• DATASET:
[Start of Attachment]

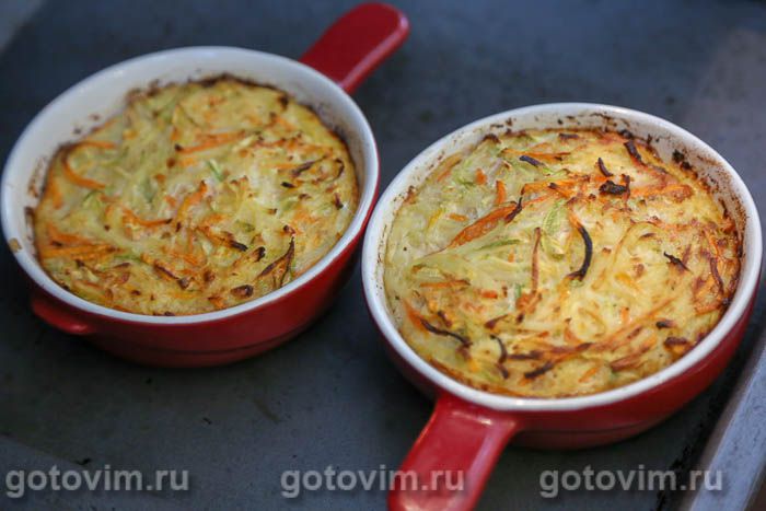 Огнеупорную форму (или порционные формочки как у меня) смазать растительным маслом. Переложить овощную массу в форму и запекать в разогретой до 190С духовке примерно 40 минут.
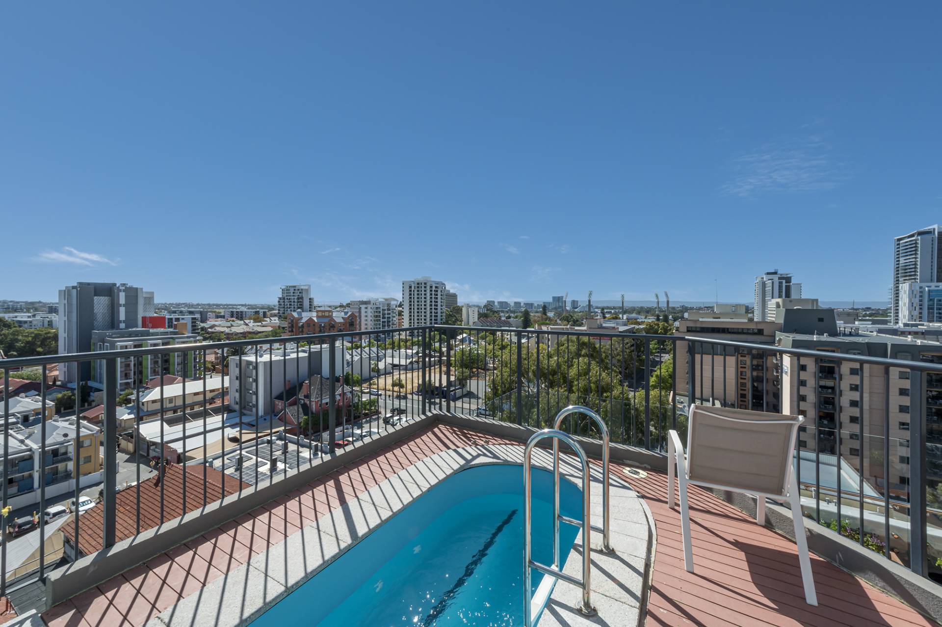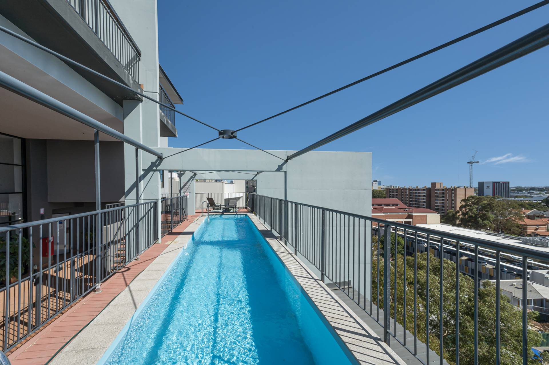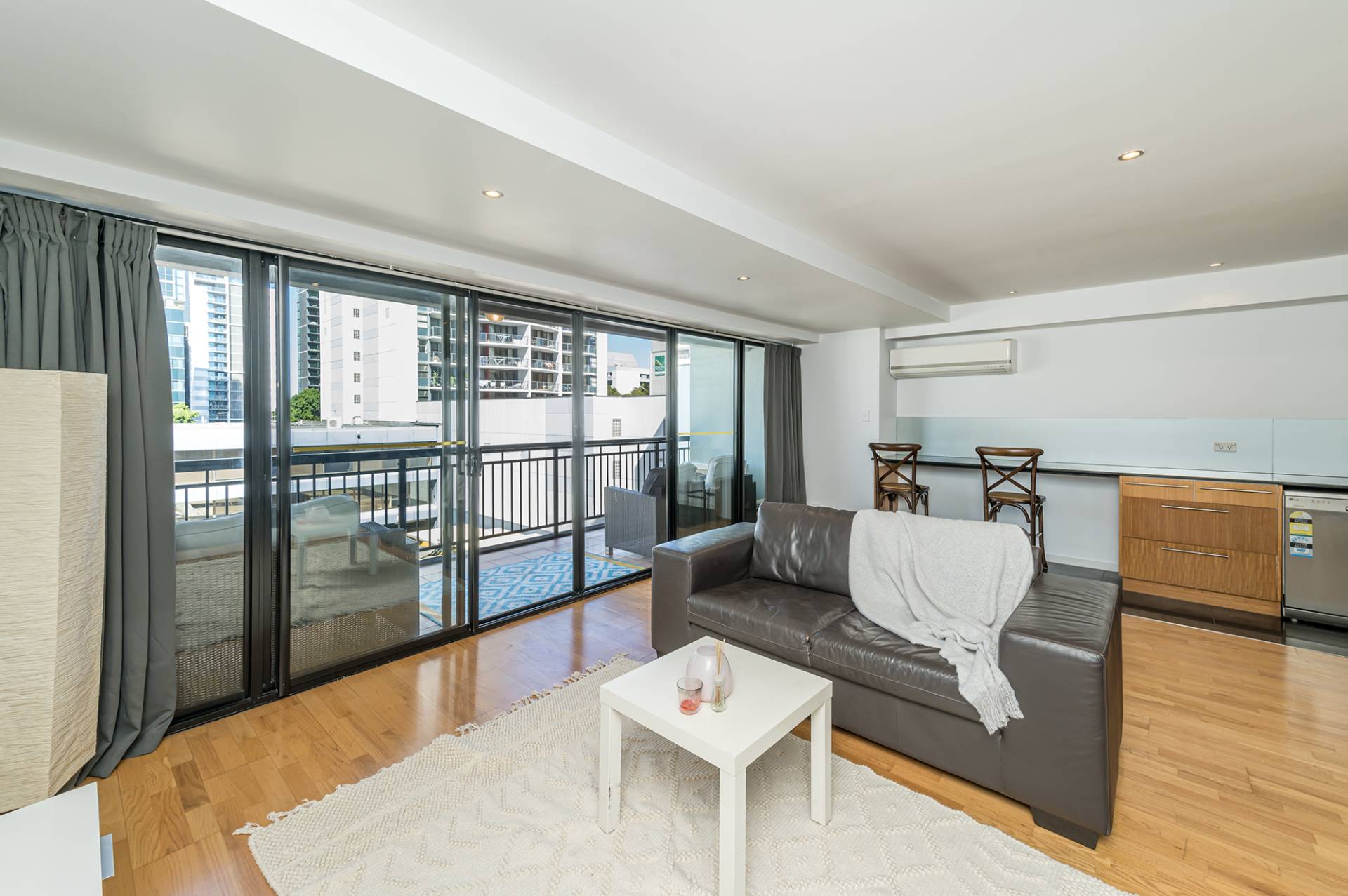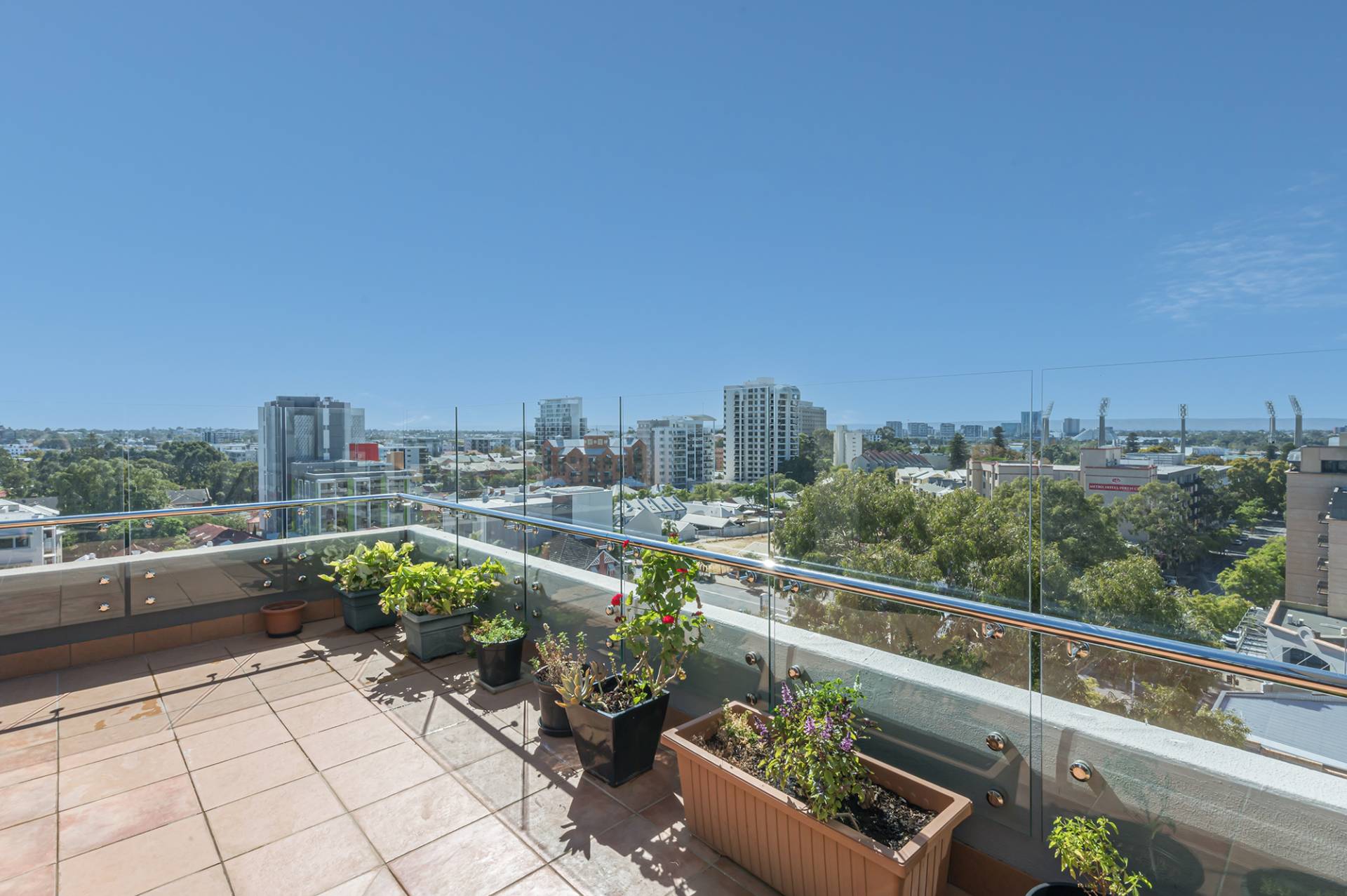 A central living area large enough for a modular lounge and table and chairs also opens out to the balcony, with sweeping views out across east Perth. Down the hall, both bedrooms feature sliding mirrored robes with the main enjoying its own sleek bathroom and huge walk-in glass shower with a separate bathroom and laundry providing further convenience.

[End of Attachment]
[Start of Attachment]

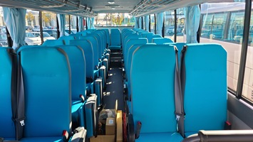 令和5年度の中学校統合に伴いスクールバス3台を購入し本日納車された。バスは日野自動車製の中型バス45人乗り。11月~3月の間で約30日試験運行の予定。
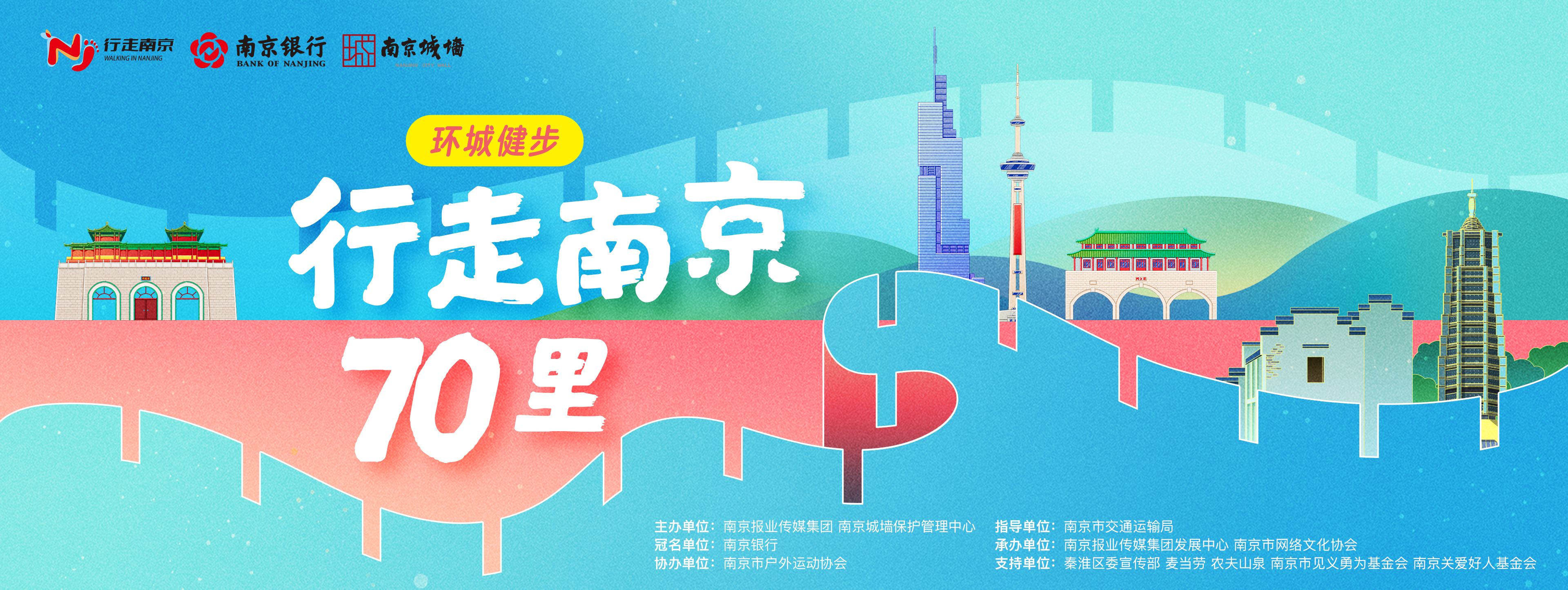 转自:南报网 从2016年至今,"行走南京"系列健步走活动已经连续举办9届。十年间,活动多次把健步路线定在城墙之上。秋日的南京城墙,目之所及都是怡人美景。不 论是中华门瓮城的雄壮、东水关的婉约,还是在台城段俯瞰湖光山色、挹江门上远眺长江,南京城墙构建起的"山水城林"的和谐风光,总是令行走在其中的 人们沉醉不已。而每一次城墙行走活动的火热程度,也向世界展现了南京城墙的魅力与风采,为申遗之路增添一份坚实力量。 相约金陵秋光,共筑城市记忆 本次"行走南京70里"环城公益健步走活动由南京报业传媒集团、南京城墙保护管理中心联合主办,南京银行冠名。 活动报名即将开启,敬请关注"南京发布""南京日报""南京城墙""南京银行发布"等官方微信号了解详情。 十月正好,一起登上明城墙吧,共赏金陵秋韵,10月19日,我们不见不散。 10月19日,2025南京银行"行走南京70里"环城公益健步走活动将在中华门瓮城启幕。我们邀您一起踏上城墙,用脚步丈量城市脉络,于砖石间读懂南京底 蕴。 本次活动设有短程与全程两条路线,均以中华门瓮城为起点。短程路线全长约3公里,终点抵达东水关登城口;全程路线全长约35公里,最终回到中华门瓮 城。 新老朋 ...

[End of Attachment]

• GOAL OF THE EXERCISE: In the data above, find the line containing "Огнеупорную форму (или" and the line containing "A central living". Repeat those two lines and everything between them exactly, minus the pictures.

• OUTPUT FOR THIS TASK:
 Огнеупорную форму (или порционные формочки как у меня) смазать растительным маслом. Переложить овощную массу в форму и запекать в разогретой до 190С духовке примерно 40 минут.
 A central living area large enough for a modular lounge and table and chairs also opens out to the balcony, with sweeping views out across east Perth. Down the hall, both bedrooms feature sliding mirrored robes with the main enjoying its own sleek bathroom and huge walk-in glass shower with a separate bathroom and laundry providing further convenience.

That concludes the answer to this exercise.